La tribù in questo senso è un insieme disordinato nel quale l’attore scompare come entità autonoma.
Le molteplici dimensioni dello stare insieme si dispiegano in tutta la loto efficacia fondante della
socialità. Vi sono momenti in cui non è tanto l’individuo che prevale quanto la comunità nella quale
s’inscrive e in cui, quindi, non è importante la grande storia evenemenziale, ma le storie vissute giorno
per giorno, le situazioni impercettibili che costituiscono la trama comunitaria. Questi due aspetti
chiariscono il termine prossemia. La logica economica che prevalse nella modernità non poteva
integrare la dimensione di un immaginario collettivo. Il piccolo gruppo, invece, tende a restaurare,
strutturalmente, l’efficacia simbolica.
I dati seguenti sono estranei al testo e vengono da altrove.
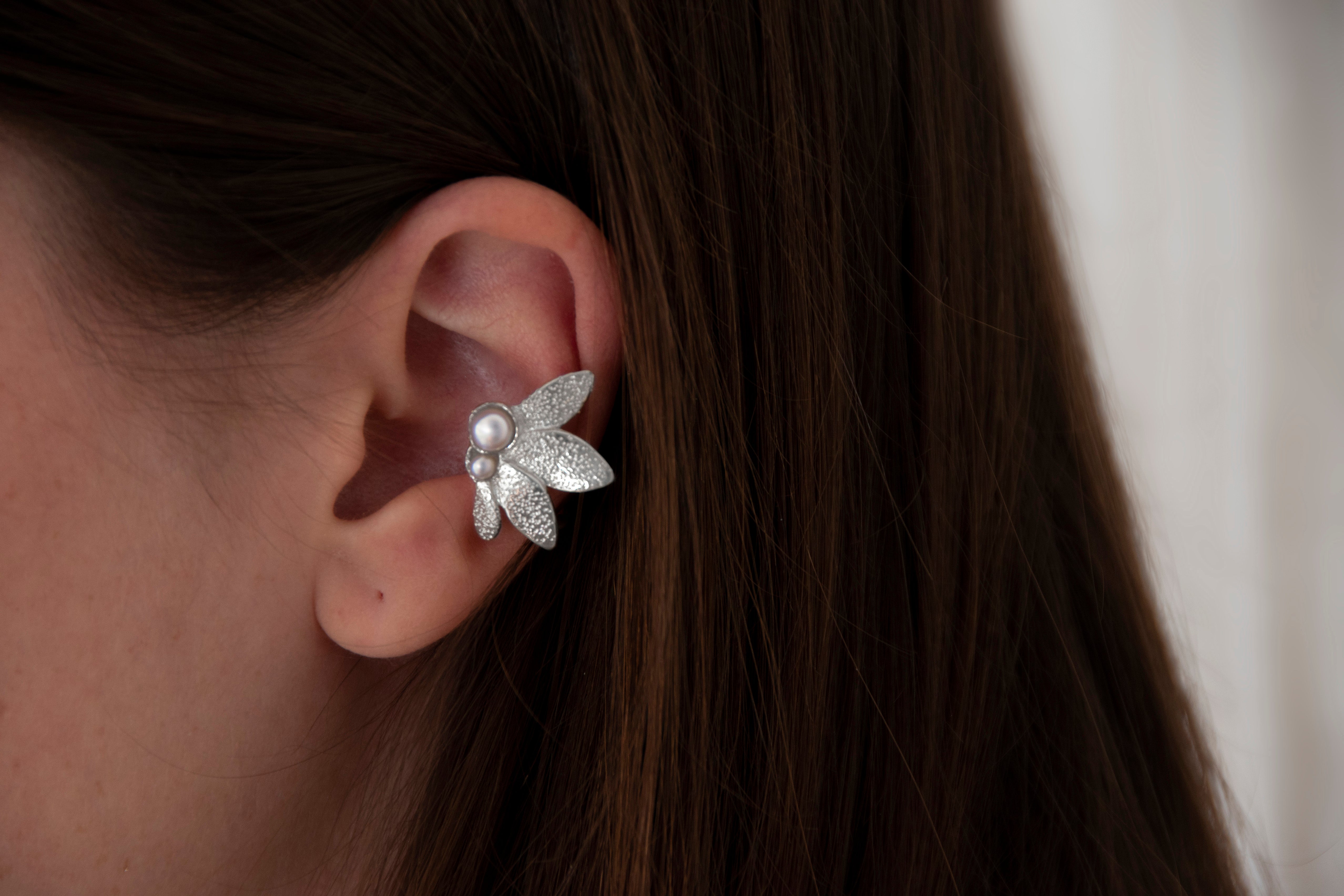 Some accessories are a true statement of personality, like Bi Silver's oversized ear cuffs. Choose your favorites from the many handcrafted styles, wear them, and show off your uniqueness. Oversized ear cuffs say a lot about you. How are you feeling today: romantic, unconventional, or bold? You could choose a style with flowers and delicate curves, or prefer a unique design that conveys your free spirit. It expresses who you are. Bi Silver's oversized pierced earrings capture everyone's attention.

E, di prossimità in prossimità, si vede costituirsi un reticolo
mistico dai fili sottili ma solidi che permette di parlare di rinascita della cultura nella vita sociale.
Maffesoli invece di un individuo forte, statico, pronto a piegare a esigenze egoistiche ogni
avvenimento, trae dalla scena sociale un soggetto dinamico, più debole nelle sue certezze, ma
sostenuto nell’agire quotidiano da una fitta trama di corrispondenze di spessore variabile, ma che
nell’insieme gli offrono un riparo e una protezione molto più efficaci della desolante atomizzazione
moderna. Nel quadro di una società complessa, ognuno vive una serie di esperienze che acquistano
senso solo nel contesto globale. Partecipando ad una molteplicità di tribù che si situano a loro volta le
une in rapporto alle altre, ogni individuo potrà vivere la sua pluralità intrinseca. Le sue differenti
maschere si ordinando in modo più o meno conflittuale e si aggiustano con le altre maschere che lo
circondano. Ecco come si può spiegare la morfologia del reticolo. Ciò significa che la rigidità che
imponeva all’uomo una forma di sedentarizzazione interiore, fatta di coerenza di lungo periodo e
quindi di prevedibilità, cede il passo a una dinamica in cui interagiscono intimazioni riflessive e
momenti di scioglimento dell’Io nel Sé sociale più ampio, autocoscienza e smarrimento estatico. La
percezione della propria unicità accompagna il soggetto nelle diverse maschere che egli riveste
quotidianamente. La vita di ognuno è ad un tempo libertà e limite, azione e passione, senza tuttavia
che un flusso di momenti ininterrotto e privo di ancoraggi impedisca di fatto il sedimentarsi
dell’esperienza o il dispiegarsi della responsabilità.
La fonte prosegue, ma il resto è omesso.